Here my first try was a proof by contradiction.
$$a+\frac{1}{a} < 2$$
$$\frac{1}{a} < 2 - a$$
$$1 < 2a - a²$$
$$0 < 2a - a² - 1$$
Multiplied both sides by -1
$$0 > a² - 2a + 1$$
$$0 > (a-1)²$$
Which is false because the square is always positive. So: $$4x < 2x(a+\frac{1}{a})$$
Could someone lead me in the right direction towards finding other, perhaps easier proofs?

 

[Ray Vickson]

Homework Statement

Gelfand - Algebra p.115 problem 264:
Prove that a square has the minimum perimeter of all rectangles having the same area.
Hint. Use the result of the preceding problem.

Homework Equations

Preceding problem: Prove that a square has the maximum area of all rectangles having the same perimeter.

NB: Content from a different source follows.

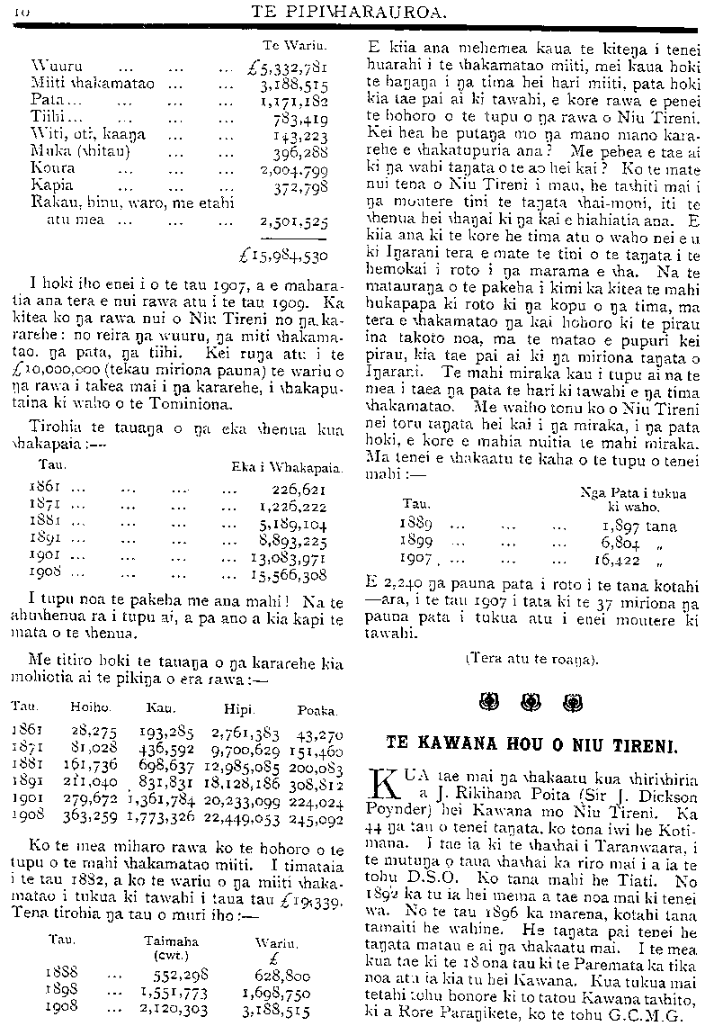 10 TE PIPIWHARAUROA. Wuuru Miiti whakamatao ... Pata... Tiihi... Witi, oti kaanga Muka (whitau) Koura Kapia Rakau; hinu, waro, me etahi atu mea ... Te Wariu. £5.332, 781 3,8, 515 1, 171, 182 783.419 143, 223 396, 288 2, 004.799 372, 798 2,501,525 £15, 984, 53o I hoki iho enei i o te tau 1907 a e mahara- tia ana tera e nui rawa atu i te tau 1909 Ka kitea ko nga rawa nui o Niu Tireni no nga. ka- rarehe: no reira nga wuuru, nga miti whakama- tao, nga pata, nga tuhi. Kei runga atu i te £10, ooo, ooo (tekau miriona pauna) te wariu o nga rawa i takea mai i nga kararehe, i whakapu- taina ki waho o te Tominiona. Tirohia te tauanga o nga eka whenua kua whakapaia: Tau. Eka i Whakapaia. l86l ... ... ... ... 226, 621 1871 l88l 1891 1901 1908 1, 220, 222 5, 189, 104 8, 893, 225 13, 083, 971 15,566, 308 I tupu noa te pakeha me ana mahi! Na te ahuwhenua ra i tupu ai, a pa ano a kia kapi te mata o te whenua. Me titiro hoki te tauanga o nga kararehe kia mohiotia ai te pikinga o era rawa:— Tau.1861 1871 1881 1891 1901 1908Hoiho.28, 275 81, 028161, 736 211, 040 279, 672363.259Kau.193.285436, 592 698, 637 831, 831 1, 361, 7841 773 326Hipi.2, 761, 383 9, 700, 629 12, 985, 085 18, 128, 18620, 233, 09922, 449, 053Poaka.^3^7° 151, 460200, 083 308, 812 224, 024 245, 092 Ko te mea miharo rawa ko te hohoro o te tupu o te mahi whakamatao miki. I timataia i te tau 1882, a ko te wariu o nga miiti whaka- matao i tukua ki tawahi i taua tau £19 339- Tena tirohia nga tau o muri iho:— Tau. 1888 1898 1908 Taimaha (cwt.) 552, 298 1, 55I,773 2, 120, 303 Wariu. £ 628, 800 1, 698, 750 3, 188, 515 E kiia ana mehemea kaua te kitenga i tenei huarahi i te whakamatao miiti, mei kaua hoki te hanganga i nga tima hei hari miiti, pata hoki kia tae pai ai ki tawahi, e kore rawa e penei te hohoro o te tupu o nga rawa o Niu Tireni. Kei hea he putanga mo nga mano mano kara- rehe e whakatupuria ana? Me pehea e tae ai ki na wahi tangata o te ao hei kai? Ko te mate nui tena o Niu Tireni i mau, he tawhiti mai i nga moutere tini te tangata whai-moni, iti te whenua hei whangai ki na kai e hiahiatia ana. E kiia ana ki te kore he tima atu o waho nei e u ki Ingarani tera e mate te tini o te tangata i te hemokai i roto i nga marama e wha. Na te matauranga o te pakeha i kimi ka kitea te mahi hukapapa ki roto ki nga kopu o nga tima, ma tera e whakamatao nga kai hohoro ki te pirau ina takoto noa, ma te matao e pupuri kei pirau, kia tae pai ai ki nga miriona tangata o Ingarani. Te mahi miraka kau i tupu ai na te mea i taea nga pata te hari ki tawahi e nga tima whakamatao. Me waiho tonu ko o Niu Tireni nei toru tangata hei kai i nga miraka, i nga pata hoki, e kore e mahia nuitia te mahi miraka. Ma tenei e whakaatu te kaha o te tupu o tenei mahi:— Nga Pata i tukua Tau. ki waho. 1889 ... ... ... 1; 897 tana 1899 ••• ••• ••• 6, 804 „ 1907 ... ... ... 16, 422 „ E 2, 240 nga pauna pata i roto i te tana kotahi —ara, i te tau 1907 i tata ki te 37 miriona nga pauna pata i tukua atu i enei moutere ki tawahi. (Tera atu te roanga). TE KAWANA HOU O NIU TIRENI. KUA tae mai nga whakaatu kua whiriwhiria a J. Rikihana Poita (Sir J. Dickson Poynder) hei Kawana mo Niu Tireni. Ka 44 nga tau o tenei tangata, ko tona iwi he Koti- mana. I tae ia ki te whawhai i Taranwaara, i te mutunga o taua whawhai ka riro mai i a ia te tohu D.S.O. Ko tana mahi he Tiati. No 1892 ka tu ia hei mema a tae noa mai ki tenei wa. No te tau 1896 ka marena, kotahi tana tamaiti he wahine. He tangata pai tenei he tangata matau e ai nga whakaatu mai. I te mea kua tae ki te 18 ona tau ki te Paremata ka tika noa atu ia kia tu hei Kawana. Kua tukua mai tetahi tohu honore ki to tatou Kawana tawhito, ki a Rore Parangikete, ko te tohu G. C.M. G.

Perimeter of a square = Perimeter of a rectangle with an equal perimeter: $${4x} = 2(x-r)+2(x+r) = 2x-2r+2x+2r = 4x$$
Area of that square: x²
Area of that rectangle: (x-r)(x+r) = x²+rx-rx-r² = x²-r²

Since r² is always positive, then x² > x²-r².

The Attempt at a Solution

My initial attempt, I did coincidentally try with the result of the preceding problem. Let's take the area of a square and let it be equal to the area of a rectangle: x² = x² - r²
The perimeter of that square: 4x
The perimeter of that rectangle: 2(x-r)+2(x+r) = 2x-2r+2x+2r = 4x
So if the area of a square and a rectangle are equal, the perimeter of that rectangle is equal to the perimeter of the square. Then it dawned on me that x² = x² - r² is impossible.

Second try:
The area of a square = all rectangles with the same area: $$x² = (ax)(\frac{1}{a}x)$$
The perimeter of that square: 4x
The perimeter of those rectangles: $$2ax+\frac{2}{a}x$$
$$2x(a+\frac{1}{a})$$

Now I got to prove, for a positive a not equal to 1, that: $$a+\frac{1}{a} > 2 $$

When that's proven, it shows that a square always has the minimum perimeter of all rectangles having the same area. (when a=1, it is the same square, not a rectangle)

Here my first try was a proof by contradiction.
$$a+\frac{1}{a} < 2$$
$$\frac{1}{a} < 2 - a$$
$$1 < 2a - a²$$
$$0 < 2a - a² - 1$$
Multiplied both sides by -1
$$0 > a² - 2a + 1$$
$$0 > (a-1)²$$
Which is false because the square is always positive. So: $$4x < 2x(a+\frac{1}{a})$$
Could someone lead me in the right direction towards finding other, perhaps easier proofs?

Use the arithmetic-geometric mean inequality. When are the two types of means equal?